The aim of using the agile project management methods is to ensure that construction projects such as buildings are competed within schedule using available resources including people, tools, time and money. The main objective is to focus on the customer’s project requirements specifications, needs, and expectations by establishing intense communication and collaboration between the customer and the project team, delivering functional products in incremental stages according to the expectations of the customer using small collaborative teams (Augustine, 2005). It is important for the manager of the agile development process to ensure that strong collaboration exists between the small project development teams to enable each member on the project team to continuously learn and adapt to new changes that occur in each project development phase. It is important for the project manager to understand how agile project management methods are used for successful execution of the projected. Studies show that agile project management methods are applied on projects that require complex knowledge and skill to complete as has happened in software development and in the construction industry.
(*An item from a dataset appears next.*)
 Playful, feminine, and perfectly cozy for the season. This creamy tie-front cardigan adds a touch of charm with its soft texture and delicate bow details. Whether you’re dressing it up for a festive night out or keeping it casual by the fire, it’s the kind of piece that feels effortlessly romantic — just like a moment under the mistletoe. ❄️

The agile management method is applied on areas where the requirements of the project are not clearly understood or known in domains that dynamically change with changing market requirements (Augustine, 2005).
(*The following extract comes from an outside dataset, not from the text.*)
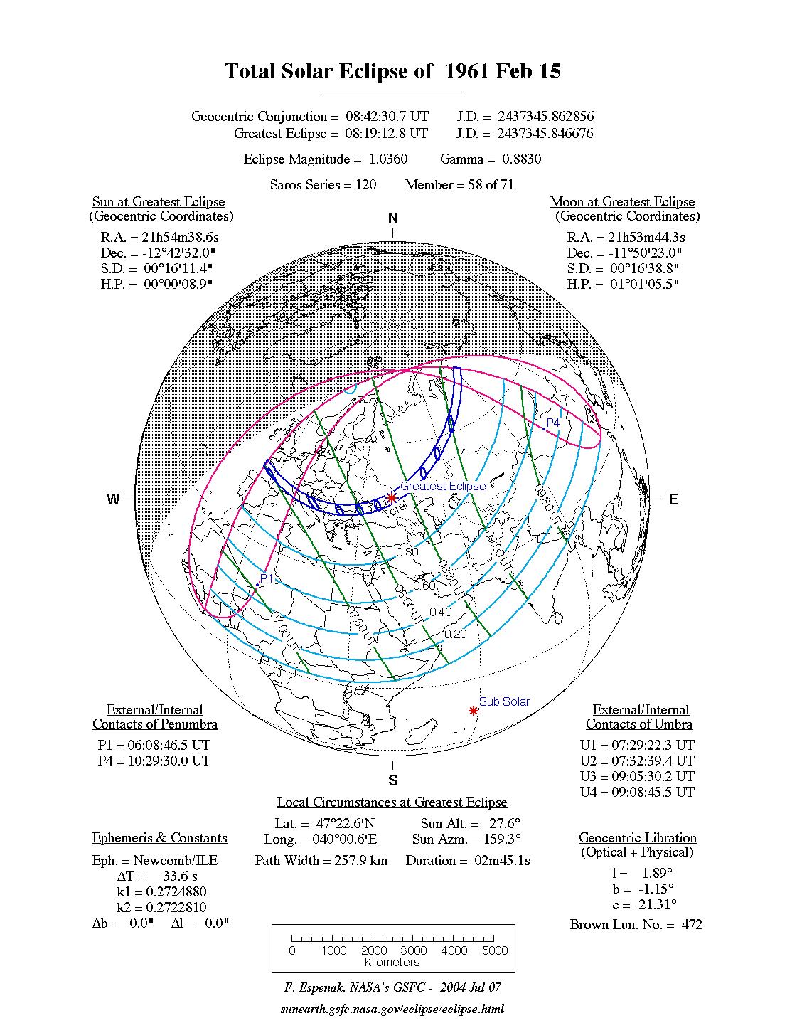 A total eclipse of the Sun occurred on Wednesday 15 February, 1961 UT, with maximum eclipse at 08:19 UT. A dramatic total eclipse plunged the Sun into darkness for 2 minutes and 45 seconds at maximum, creating an amazing spectacle for observers in a very broad path, 258 km wide at maximum.

Augustine (2005) describes agile project management techniques as those that enable the product developers to supply the customer with the product at an earlier stage to satisfy their need while continuously updating the product to meet the needs and expectations of the customers. The agile project management practices enable the projects to accommodate new changes to the customer requirements that are introduced at any stage in the development life cycle while ensuring that the working product is delivered as earlier as possible to the customer. The aim of the agile project management method is to satisfy the customer’s needs and expectations, deliver the product frequently, welcome changes, motivate the workers, maintain and excel in product quality, keep the product and the process as simple as possible, measure the product quality metrics, embrace and work as a team, get self-reorganized, and ensure that the construction work or product development is sustainable.
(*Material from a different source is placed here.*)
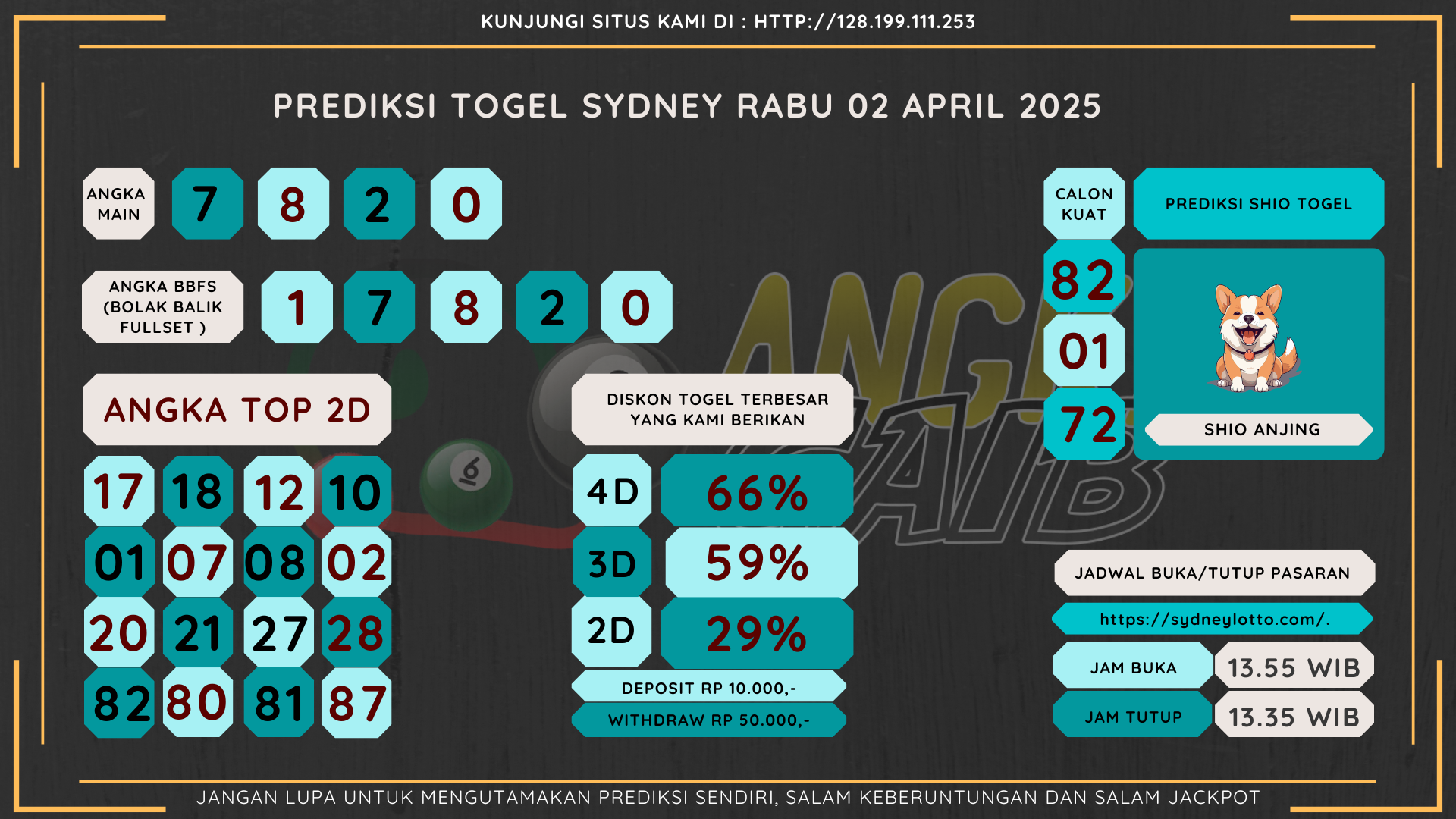 Bocoran Angka Sydney Hari Rabu 02 April 2025

The project manager has the sole responsibility of foreseeing new changes that might be introduced into the development process and to determine the best solutions to adopt when the changes are introduced. The objective is to ensure that the vision is understood by all members of the project team and the stakeholders that is achieved by creating a mental model of the changes introduced into the project (Chin, 2004). Once the changes have been identified by the project manager and translated into simple statements that are understood by each project team member, the information is made available to each team member by communicating to each of them using open communication channels to all the team members. The information is communicated clearly to enable the members to develop a shared vision of the project requirements. The shared vision provides directions for the team members because they are able to evaluate the vision and make changes that might be necessary for the project. The common vision that makes all the members of the team to proactively get involved in decision making without the presence of the team leaders or the project manager is defined by the product vision, the team vision, and project vision (Chin, 2004).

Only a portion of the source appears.